[Available data]:
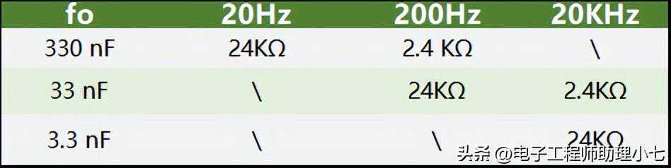 选择不同的电容作为振荡频率f0的粗调,利用同轴电位器实现f0的微调。不同电容和振荡频率f0对应的电阻值如下所示:
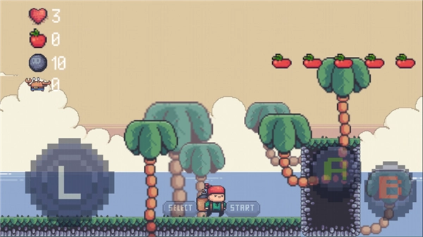 4、留意棕榈树随机掉落的果实炸弹,同时注意跳跃高度——按住跳跃键能让角色跳得更高。
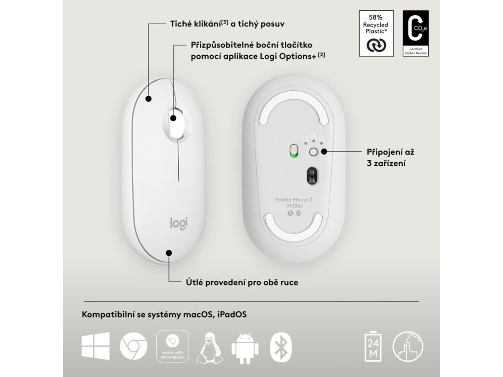 Logitech Wireless Pebble mouse 2, M350s, bílá
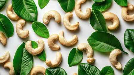 A fresh arrangement of raw cashew nuts and vibrant green leaves on a white background, showcasing a healthy and nutritious snack for various culinary uses.
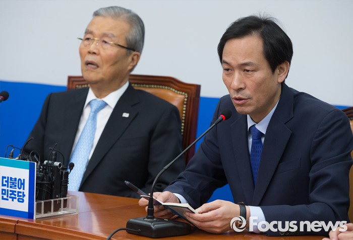 (서울=포커스뉴스) 우상호 더불어민주당 원내대표가 25일 오전 서울 여의도 국회에서 열린 비상대책위원회의에 참석해 모두발언을 하고 있다. 왼쪽은 김종인 비대위 대표.
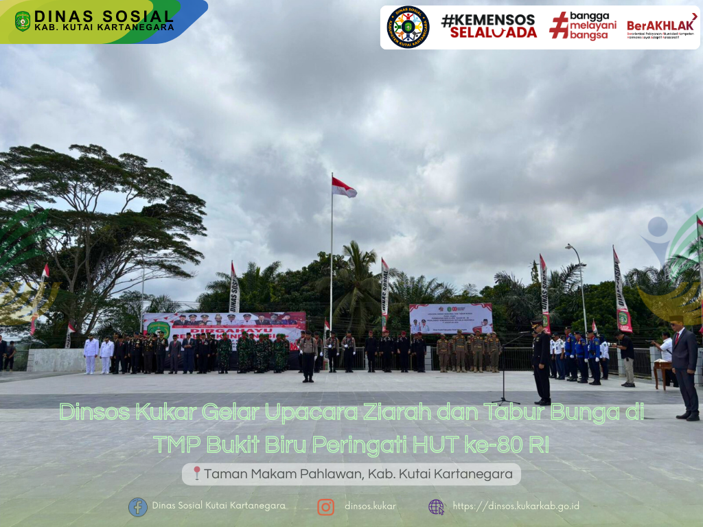 TENGGARONG – Dalam rangka memperingati Hari Ulang Tahun ke-80 Kemerdekaan Republik Indonesia, Dinas Sosial Kabupaten Kutai Kartanegara melalui Bidang Penanganan Korban Bencana dan Pengelolaan Taman Makam Pahlawan (TMP) menyelenggarakan Upacara Ziarah dan Tabur Bunga pada Minggu, 17 Agustus 2025, pukul 09.30 WITA di Taman Makam Pahlawan Bukit Biru Tenggarong.
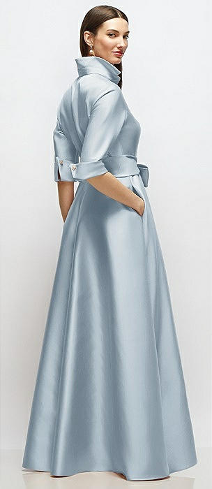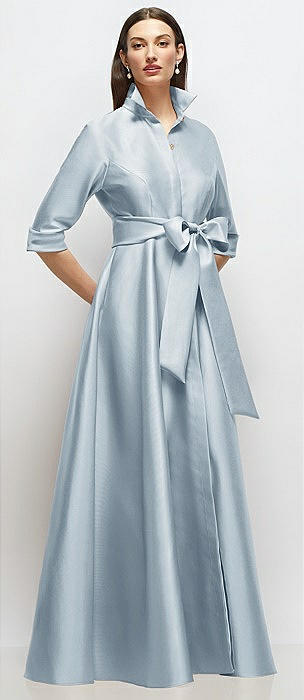3/4 Sleeve Satin Shirt Dress Gown with Sash and Jeweled Buttons in mist
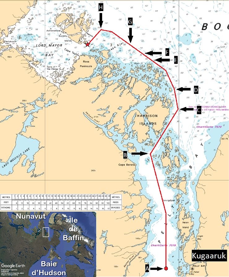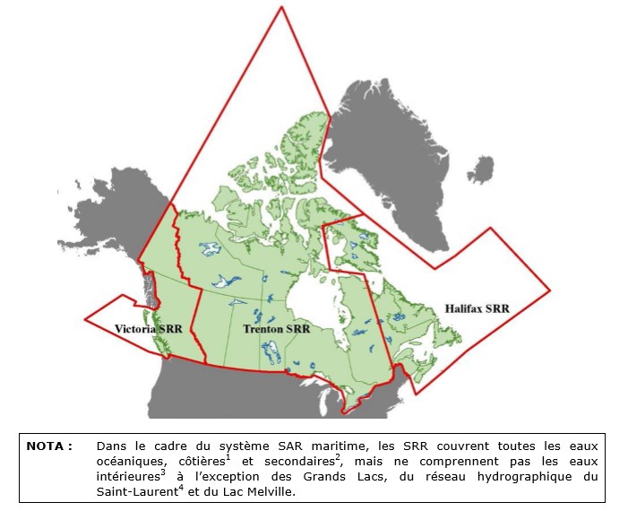 À 12 h 19, le JRCC de Trenton (Ontario), chargé de coordonner les opérations de recherche et de sauvetage (SAR) dans la région où l’échouement a eu lieuNote de bas de page 19, a été informé de la situation et a lancé son intervention 4 minutes plus tardNote de bas de page 20. Les navires de la GCC Pierre Radisson et Amundsen ont été chargés, respectivement à 12 h 25 et 12 h 32, de se rendre immédiatement à la dernière position signalée par l’Akademik Ioffe; la durée prévue avant l’arrivée du Pierre Radisson était de 36 heures et celle de l’Amundsen était de 22 heures. Le Service hydrographique du Canada (SHC) a fourni aux navires de la GCC la position de tous les hauts-fonds potentiels à proximité de l’emplacement de l’échouement (annexe B).
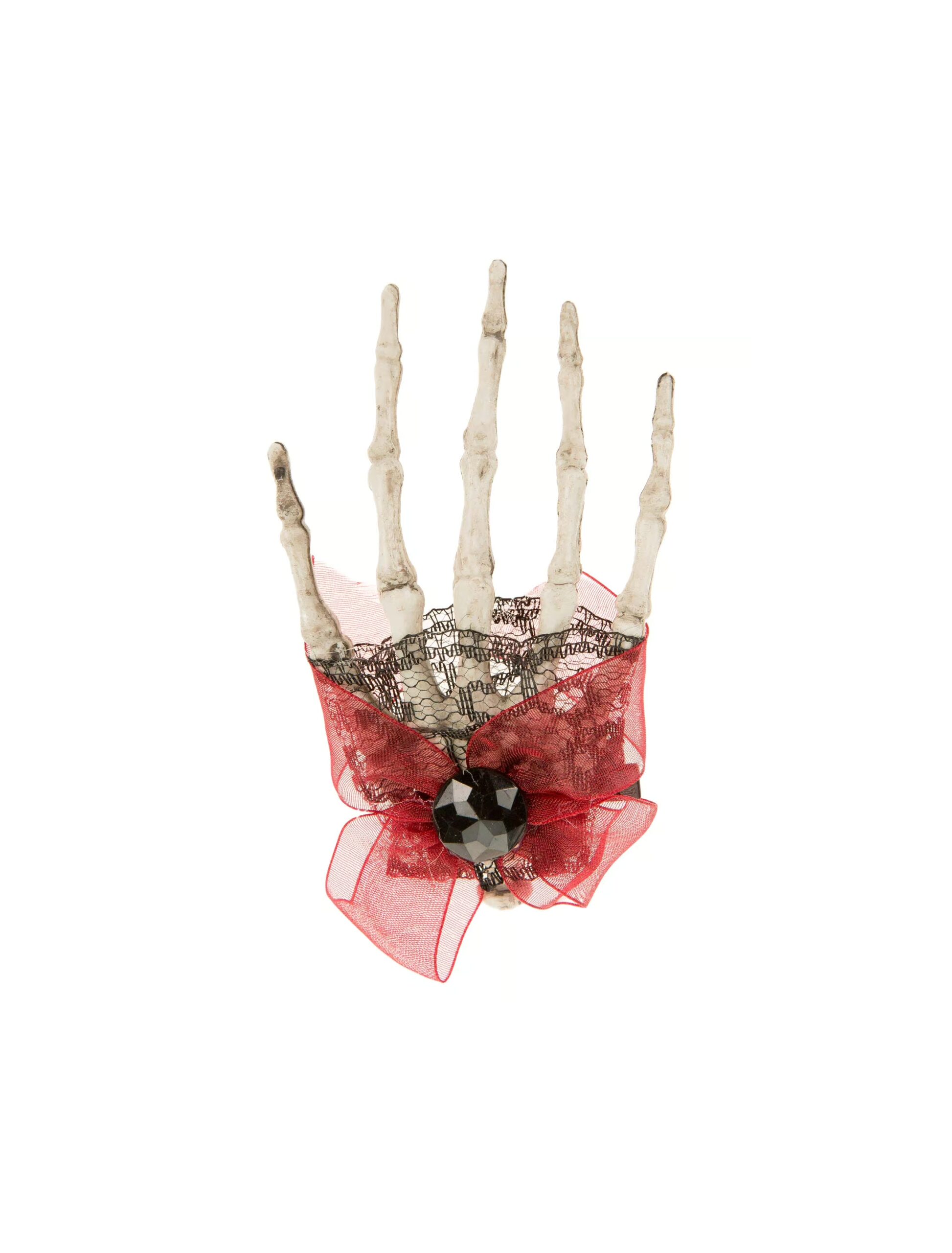 Kostümzubehör Haarspange Skeletthand mit Spitze Farbe: schwarz/rot
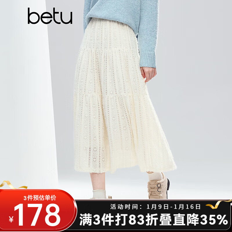 百图(betu)女装2025年冬季新款半身裙高级感麿毛蕾丝蛋糕裙裙子女2510T72 杏色 M
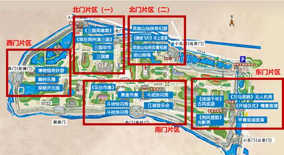 东门片区——以楚文化为核心载体,围绕护城河、金凤广场、寅宾门、张居正街进行打造。
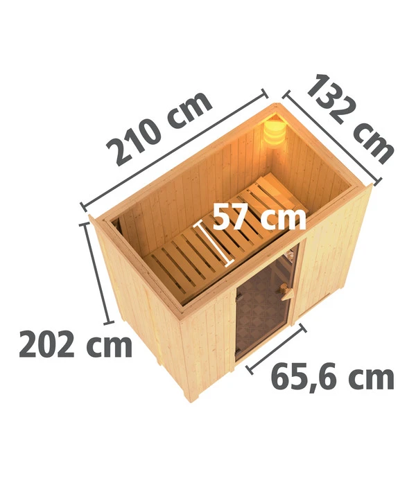 Die vorgefertigten Wände der Wolff Finnhaus Innensauna de luxe Diona haben eine stattliche Stärke von 68 mm und bestehen aus Fichtenholz inklusive einer zusätzlichen Dämmung aus Mineralwolle. Auch die vormontierte Decke ist mit Mineralwolle gedämmt, damit die Wärme in der Saunakabine bleibt. Dank eines einfachen Steck- und Schraubsystems ist der Aufbau der Wolff Finnhaus Innensauna de luxe Diona ein Kinderspiel. Im Inneren erwartet Sie eine Saunabank aus massivem Espenholz. Diese Pappelart zeichnet sich durch eine besonders feine, glatte Oberfläche aus, die Sie gut reinigen können und die nicht unangenehm heiß wird, wenn Sie sich beim Saunieren darauf ausstrecken. Komplett wird die hochwertige Ausstattung der Sauna durch den Dachkranz, zu dem ein LED-Strahlerset mit 3 frei positionierbaren 7,5 Watt-Strahlern gehört.
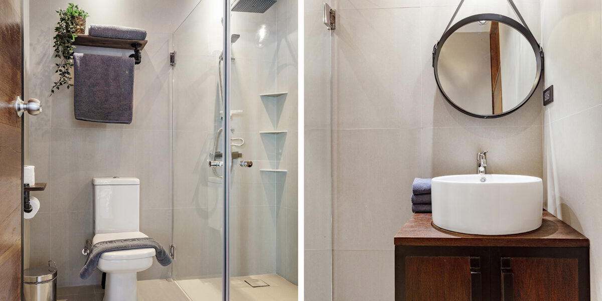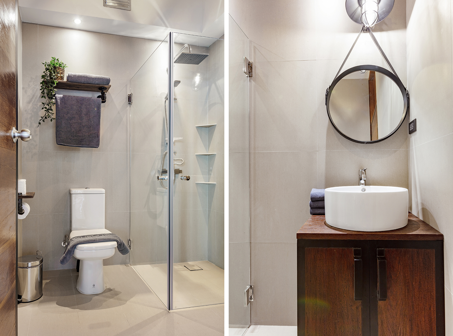 - Both bathrooms are elegantly tiled, providing a modern and clean aesthetic.
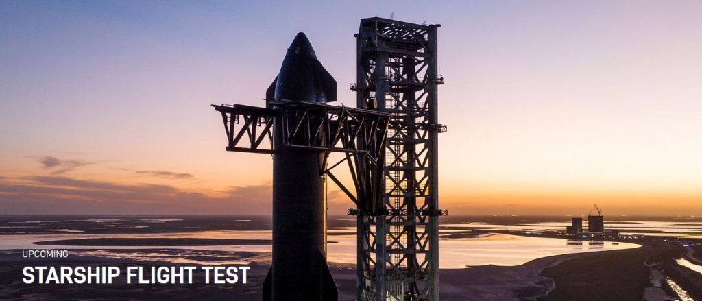 NOTE: Thursday, April 20, 2023 for the first flight test of a fully integrated Starship and Super Heavy rocket from Starbase in Texas. The first launch made it to point of first stage separation and at that point failed to separate first stage rocket and then exploded.
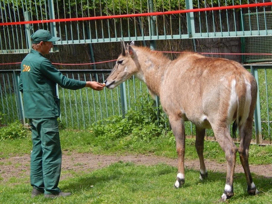 Самець антилопи нільгау ось уже кілька днів мешкає в луцькому зоопарку.

[Exercise description]: The copy should match each line above exactly and contain no images.

[Solved problem]:
 选择不同的电容作为振荡频率f0的粗调,利用同轴电位器实现f0的微调。不同电容和振荡频率f0对应的电阻值如下所示:
 4、留意棕榈树随机掉落的果实炸弹,同时注意跳跃高度——按住跳跃键能让角色跳得更高。
 Logitech Wireless Pebble mouse 2, M350s, bílá
 A fresh arrangement of raw cashew nuts and vibrant green leaves on a white background, showcasing a healthy and nutritious snack for various culinary uses.
 (서울=포커스뉴스) 우상호 더불어민주당 원내대표가 25일 오전 서울 여의도 국회에서 열린 비상대책위원회의에 참석해 모두발언을 하고 있다. 왼쪽은 김종인 비대위 대표.
 TENGGARONG – Dalam rangka memperingati Hari Ulang Tahun ke-80 Kemerdekaan Republik Indonesia, Dinas Sosial Kabupaten Kutai Kartanegara melalui Bidang Penanganan Korban Bencana dan Pengelolaan Taman Makam Pahlawan (TMP) menyelenggarakan Upacara Ziarah dan Tabur Bunga pada Minggu, 17 Agustus 2025, pukul 09.30 WITA di Taman Makam Pahlawan Bukit Biru Tenggarong.
3/4 Sleeve Satin Shirt Dress Gown with Sash and Jeweled Buttons in mist
 À 12 h 19, le JRCC de Trenton (Ontario), chargé de coordonner les opérations de recherche et de sauvetage (SAR) dans la région où l’échouement a eu lieuNote de bas de page 19, a été informé de la situation et a lancé son intervention 4 minutes plus tardNote de bas de page 20. Les navires de la GCC Pierre Radisson et Amundsen ont été chargés, respectivement à 12 h 25 et 12 h 32, de se rendre immédiatement à la dernière position signalée par l’Akademik Ioffe; la durée prévue avant l’arrivée du Pierre Radisson était de 36 heures et celle de l’Amundsen était de 22 heures. Le Service hydrographique du Canada (SHC) a fourni aux navires de la GCC la position de tous les hauts-fonds potentiels à proximité de l’emplacement de l’échouement (annexe B).
 Kostümzubehör Haarspange Skeletthand mit Spitze Farbe: schwarz/rot
 百图(betu)女装2025年冬季新款半身裙高级感麿毛蕾丝蛋糕裙裙子女2510T72 杏色 M
 东门片区——以楚文化为核心载体,围绕护城河、金凤广场、寅宾门、张居正街进行打造。
 Die vorgefertigten Wände der Wolff Finnhaus Innensauna de luxe Diona haben eine stattliche Stärke von 68 mm und bestehen aus Fichtenholz inklusive einer zusätzlichen Dämmung aus Mineralwolle. Auch die vormontierte Decke ist mit Mineralwolle gedämmt, damit die Wärme in der Saunakabine bleibt. Dank eines einfachen Steck- und Schraubsystems ist der Aufbau der Wolff Finnhaus Innensauna de luxe Diona ein Kinderspiel. Im Inneren erwartet Sie eine Saunabank aus massivem Espenholz. Diese Pappelart zeichnet sich durch eine besonders feine, glatte Oberfläche aus, die Sie gut reinigen können und die nicht unangenehm heiß wird, wenn Sie sich beim Saunieren darauf ausstrecken. Komplett wird die hochwertige Ausstattung der Sauna durch den Dachkranz, zu dem ein LED-Strahlerset mit 3 frei positionierbaren 7,5 Watt-Strahlern gehört.
 - Both bathrooms are elegantly tiled, providing a modern and clean aesthetic.
 NOTE: Thursday, April 20, 2023 for the first flight test of a fully integrated Starship and Super Heavy rocket from Starbase in Texas. The first launch made it to point of first stage separation and at that point failed to separate first stage rocket and then exploded.
 Самець антилопи нільгау ось уже кілька днів мешкає в луцькому зоопарку.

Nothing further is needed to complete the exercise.